Geraldo era um bom homem. Gerente administrativo de uma companhia multinacional, trabalhou muito para alcançar este cargo. Formou-se, cursou duas pós-graduações e sempre manteve a dedicação máxima em sua vida profissional. Seus pais, ainda vivos, se orgulhavam de sua vida. Contavam aos vizinhos e outros parentes sobre a trajetória de glória do menino tímido e magro que ultrapassou muitas dificuldades para chegar onde chegou.

Além de seu ótimo panorama profissional, Geraldo constituiu uma família bastante sólida. Era casado com Rita e com ela tinha dois filhos, o Lucas, de quatorze anos, e a Mariana, de treze. Rita casou grávida. Foi uma grande festa. Um ano depois, veio o segundo filho, uma linda menina. Geraldo e Rita tinham uma vida sexual razoável, embora os amigos do bar sempre alertavam o homem que após um tempo, todo e qualquer relacionamento perde seu tempero, sua emoção. E as coisas tendem a se estagnar.

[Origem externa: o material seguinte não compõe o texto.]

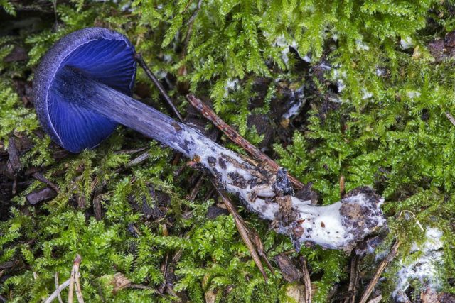 Webcap azul agua... Comestible. Difiere en un rico tono ocre azulado de la gorra y una pierna más clara y fuertemente pubescente. La pulpa tiene un olor desagradable.

E assim foi. Era inevitável, pensava Geraldo. Tudo bem. O homem, hoje calvo e gordo, havia se acostumado com isso. Sabia que Rita há muito perdera a libido (seus problemas com lubrificação sempre foram uma constante) e Geraldo não via mais grandes excitações em sua esposa, hoje com o corpo prejudicado pelo fumo e constantes depressões.

Sua vida havia mudado bastante no último ano. Geraldo acordava todas as manhãs, raspava seu rosto, vestia a camisa, a calça, a gravata, as meias, o sapato. Tomava café. Quando seu rosto se encontrava com o de Rita, ambos fechavam os olhos. As crianças raramente estavam presentes. Ou na escola, ou com os amigos, ou trancafiados no quarto. Sem problemas. Geraldo sabia que isso era normal e até melhor: melhor estarem lá do que aqui, me vendo.

Geraldo parou de jogar futebol há oito meses. Não assistia mais televisão. Não se masturbava há tempos. O trabalho está me matando, dizia constantemente. Você que quis isso, Rita respondia enquanto jogava os pratos e talheres na pia de louças. Ela havia se tornado uma mulher muito séria. O cigarro lhe fez duas covas nas bochechas, seu rosto se encaminhava para um formato cadavérico. E Geraldo apenas consentia.

Uma manhã, no trabalho, Geraldo estava sentado em sua mesa, com os olhos fixos ao computador, redigindo memorandos, documentos e planilhas financeiras. Ele escuta risadas do pessoal da frente. Ergue os olhos para verificar, todos se calam. E voltam com pequenas risadas. Ao lado, um estagiário o encara, preocupado. E lhe entrega um bilhete: Senhor Geraldo, em sinal de respeito a você, devo denunciar – aqueles homens estavam fazendo piadas sobre você e sua mulher. Você deve tomar uma atitude. Att, nome do estagiário. É provável que o menino queria apenas se inteirar na empresa, chegar mais perto do “chefe”, como ele mesmo fez há vinte anos. Geraldo continuou trabalhando sem olhar para os lados. Mas percebia sua mesa e uma série de papéis se acumulando. Ouvia o telefone gritar, ouvia pessoas gritando, ouvia o ar condicionado. Tirou as mãos do teclado do computador. Olhou para os lados,  via seus colegas de trabalho. Via homens e mulheres saudáveis, mantendo-se limpos e cheirosos, apresentáveis. Afinal, trabalhavam em uma empresa muito grande. Os produtos eram consumidos em todo o mundo. Todos eram muito importantes. E Vanessa, secretaria do setor de marketing, chega à sua frente: Senhor Geraldo, foi mandado fazer um button para cada funcionário dessa empresa. Convidamos o senhor a usar também. Geraldo olhou o pacote, olhou as peças. Pegou um dos buttons, leu o que estava escrito: eu amo meu trabalho, eu amo minha vida, eu amo a minha empresa. Vanessa havia lhe falado que fazia parte de uma campanha motivacional que a empresa estava promovendo para dar um “gás” nos colaboradores, motivá-los. Geraldo olhou para Vanessa e pregou o button em sua camisa. Está bom assim? Esta frase saiu automática da boca de Geraldo. Está ótimo, senhor.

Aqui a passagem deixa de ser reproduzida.